### abstract ###
While many models of biological object recognition share a common set of broad-stroke properties, the performance of any one model depends strongly on the choice of parameters in a particular instantiation of that model e.g., the number of units per layer, the size of pooling kernels, exponents in normalization operations, etc. Since the number of such parameters is typically large and the computational cost of evaluating one particular parameter set is high, the space of possible model instantiations goes largely unexplored.
Thus, when a model fails to approach the abilities of biological visual systems, we are left uncertain whether this failure is because we are missing a fundamental idea or because the correct parts have not been tuned correctly, assembled at sufficient scale, or provided with enough training.
Here, we present a high-throughput approach to the exploration of such parameter sets, leveraging recent advances in stream processing hardware.
In analogy to high-throughput screening approaches in molecular biology and genetics, we explored thousands of potential network architectures and parameter instantiations, screening those that show promising object recognition performance for further analysis.
We show that this approach can yield significant, reproducible gains in performance across an array of basic object recognition tasks, consistently outperforming a variety of state-of-the-art purpose-built vision systems from the literature.
As the scale of available computational power continues to expand, we argue that this approach has the potential to greatly accelerate progress in both artificial vision and our understanding of the computational underpinning of biological vision.
### introduction ###
The study of biological vision and the creation of artificial vision systems are naturally intertwined exploration of the neuronal substrates of visual processing provides clues and inspiration for artificial systems, and artificial systems, in turn, serve as important generators of new ideas and working hypotheses.
The results of this synergy have been powerful: in addition to providing important theoretical frameworks for empirical investigations, biologically-inspired models are routinely among the highest-performing artificial vision systems in practical tests of object and face recognition CITATION CITATION .
However, while neuroscience has provided inspiration for some of the broad-stroke properties of the visual system, much is still unknown.
Even for those qualitative properties that most biologically-inspired models share, experimental data currently provide little constraint on their key parameters.
As a result, even the most faithfully biomimetic vision models necessarily represent just one of many possible realizations of a collection of computational ideas.
Truly evaluating the set of biologically-inspired computational ideas is difficult, since the performance of a model depends strongly on its particular instantiation the size of the pooling kernels, the number of units per layer, exponents in normalization operations, etc. Because the number of such parameters is typically large, and the computational cost of evaluating one particular model is high, it is difficult to adequately explore the space of possible model instantiations.

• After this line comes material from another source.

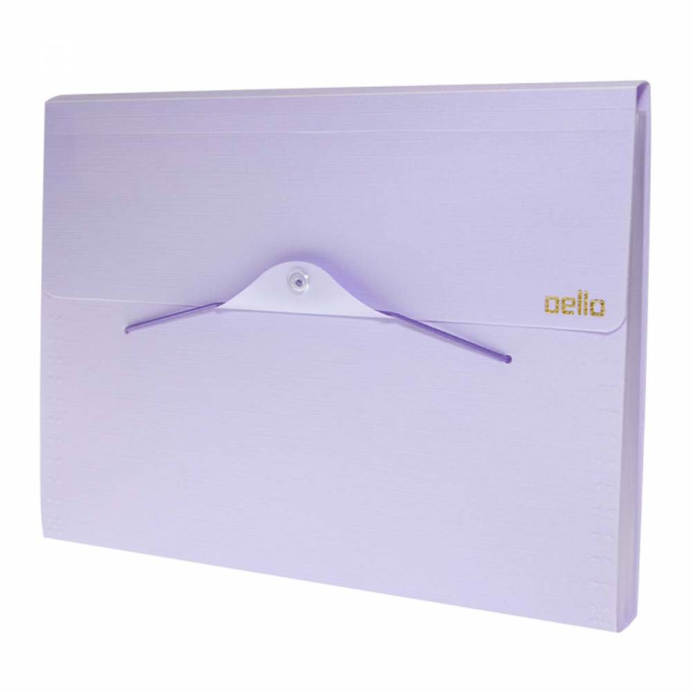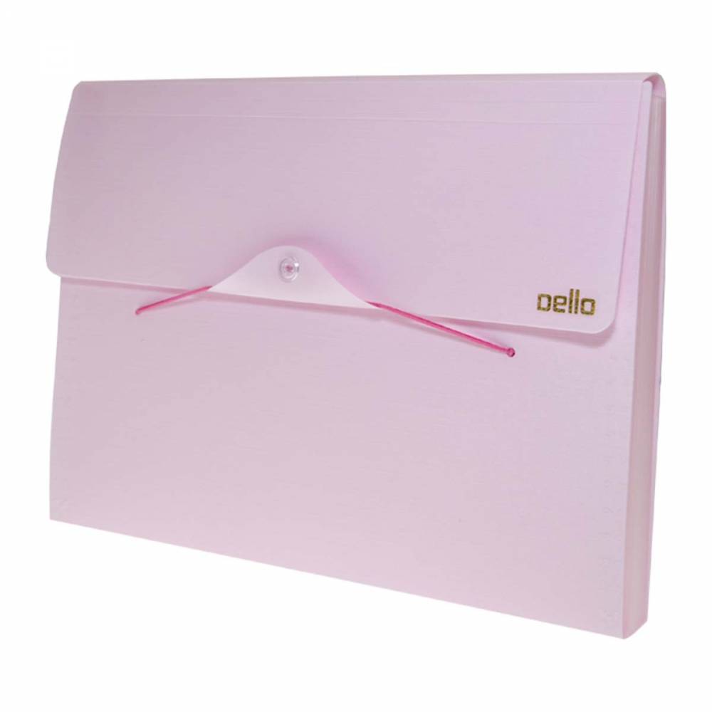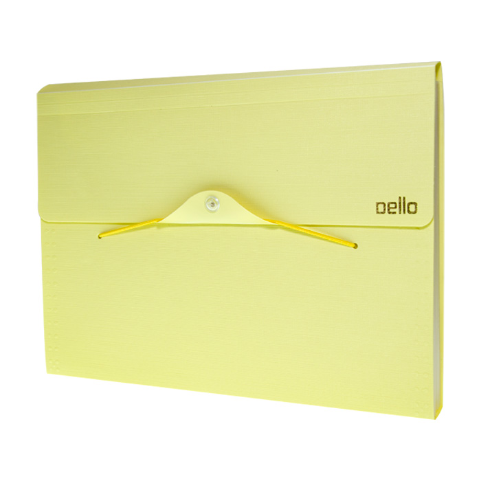 La línea de carpetas con fuelle Serena de Dello muestra como la organización y tendencia son inseparables. Fabricadas en polipropileno y disponible en 5 colores pastel (amarillo, verde, azul, rosado y lila) en tamaño A4 y con cierre elástico.

At the same time, there is no guarantee that even the correct set of principles will work when instantiated on a small scale.
Thus, when a model fails to approach the abilities of biological visual systems, we cannot tell if this is because the ideas are wrong, or they are simply not put together correctly or on a large enough scale.
As a result of these factors, the availability of computational resources plays a critical role in shaping what kinds of computational investigations are possible.
Traditionally, this bound has grown according to Moore's Law CITATION, however, recently, advances in highly-parallel graphics processing hardware have disrupted this status quo for some classes of computational problems.
In particular, this new class of modern graphics processing hardware has enabled over hundred-fold speed-ups in some of the key computations that most biologically-inspired visual models share in common.
As is already occurring in other scientific fields CITATION, CITATION, the large quantitative performance improvements offered by this new class of hardware hold the potential to effect qualitative changes in how science is done.
In the present work, we take advantage of these recent advances in graphics processing hardware CITATION, CITATION to more expansively explore the range of biologically-inspired models including models of larger, more realistic scale.
In analogy to high-throughput screening approaches in molecular biology and genetics, we generated and trained thousands of potential network architectures and parameter instantiations, and we screened the visual representations produced by these models using tasks that engage the core problem of object recognition tolerance to image variation CITATION CITATION, CITATION, CITATION.
From these candidate models, the most promising were selected for further analysis.
We show that this large-scale screening approach can yield significant, reproducible gains in performance in a variety of basic object recognitions tasks and that it holds the promise of offering insight into which computational ideas are most important for achieving this performance.
Critically, such insights can then be fed back into the design of candidate models, further guiding evolutionary progress.
As the scale of available computational power continues to expand, high-throughput exploration of ideas in computational vision holds great potential both for accelerating progress in artificial vision, and for generating new, experimentally-testable hypotheses for the study of biological vision.